There's some old construction tech that we still have to use because it's really good, even though it is a little bit old, and that lives in the closet still. But ... then we took all our file share stuff, and we put it into a platform called Egnyte, which is doing a lot.
Shout out to Egnyte, in terms of making it so easy on IT pros, like when it comes to data protection, archival policies, data retention policies, so much easier than other products out there, let alone doing it yourself.
We still have a VPN, but it's for a very specific, tailored subset of users.
Many of the IT leaders we speak with are still running a hybrid cloud/on-premise IT infrastructure. Is that the case with your IT operations?
The only thing we have on premise is our accounting software that's specific to construction called Sage100 Contractor. Very good software; has everything we need at the right price point, it just does not make sense to swap it out for cloud software just yet.
We had everything pretty well set up before, with virtualization and cybersecurity. But everybody else is pretty much full cloud at this point.
Do you see AI playing a significant role in tech within the construction industry?
I mean, it’s going to be everywhere, right?
It’s helped me a lot — whether it's development or just learning stuff. So yes, it's a big thing. It's hugely hyped and talked about in the construction industry. So you'll see products like Togal AI, that was one of the first that I saw in construction. You have the estimating side of things where you do your takeoffs and measuring, square footages, counts, all sorts of different things on the construction drawing. So that's one area where we're seeing a lot of innovation, a lot of different companies that provide that type of software, whether it's standalone or part of a greater system, it’ll just automatically scan the drawings for you and help give you square footages and linear footages, or auto counting things for you, like show a symbol for a lighting fixture and it just counts all those symbols.
Different platforms are building out more intelligent information retrieval. So instead of searching for just keywords and getting your hits, it'll look through your documents and your folders and files and give you more written out responses for what you're looking for.
I've integrated AI into some of the software that we've built out. I've connected OpenAI's GPT to multiple points in our app. We have a homegrown subcontract application that handles workflow for our company, handles generating drafts, uploading files, and [you can] copy and paste a whole Excel sheet of quantitative takeoffs from a construction drawing, throw them in there, and then AI will take care of the rest and generate a nice, neat scope of work for [those] contract, subcontract documents.
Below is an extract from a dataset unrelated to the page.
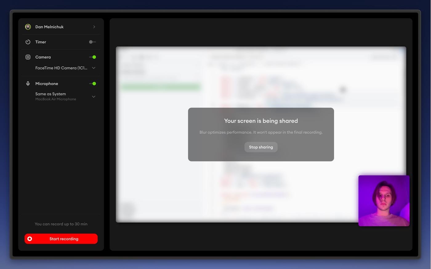 Лучший продукт для этого — Cleanshot X, но он платный, только на мак и требует установки в систему. Loom скурвился, стал нагруженным и продался Atlassian, а все остальное нам просто не нравилось. Поэтому мы сделали свою версию, которая просто работает по ссылке и дает классный результат. Без регистрации и смс.

What are you most proud of in your tech career?
I’m most proud of the software engineering stuff. It's kind of cool starting from zero, and then basically building out an entire development pipeline with a few others.
[Also having things] properly documented ... using legitimate software of engineering practices.
If I just leave and get hit by the proverbial bus, as they say, my IT support guy can just jump in there with little to no software experience, just knowing where things are. Here's your GitHub repository. Here's the integration, here's the documentation for what these files do. Sometimes people go a little too crazy on documentation, because it's like, listen, no matter how much documentation I'm going to write, I can’t teach somebody to code through documentation, (although now probably with GPT and other AI tools maybe you can) but the whole premise is that if the proverbial bus [hits me] Dan, anybody who has a little bit of prowess can jump in and know where things are and how to fix things or redevelop things, or whatever the need may be.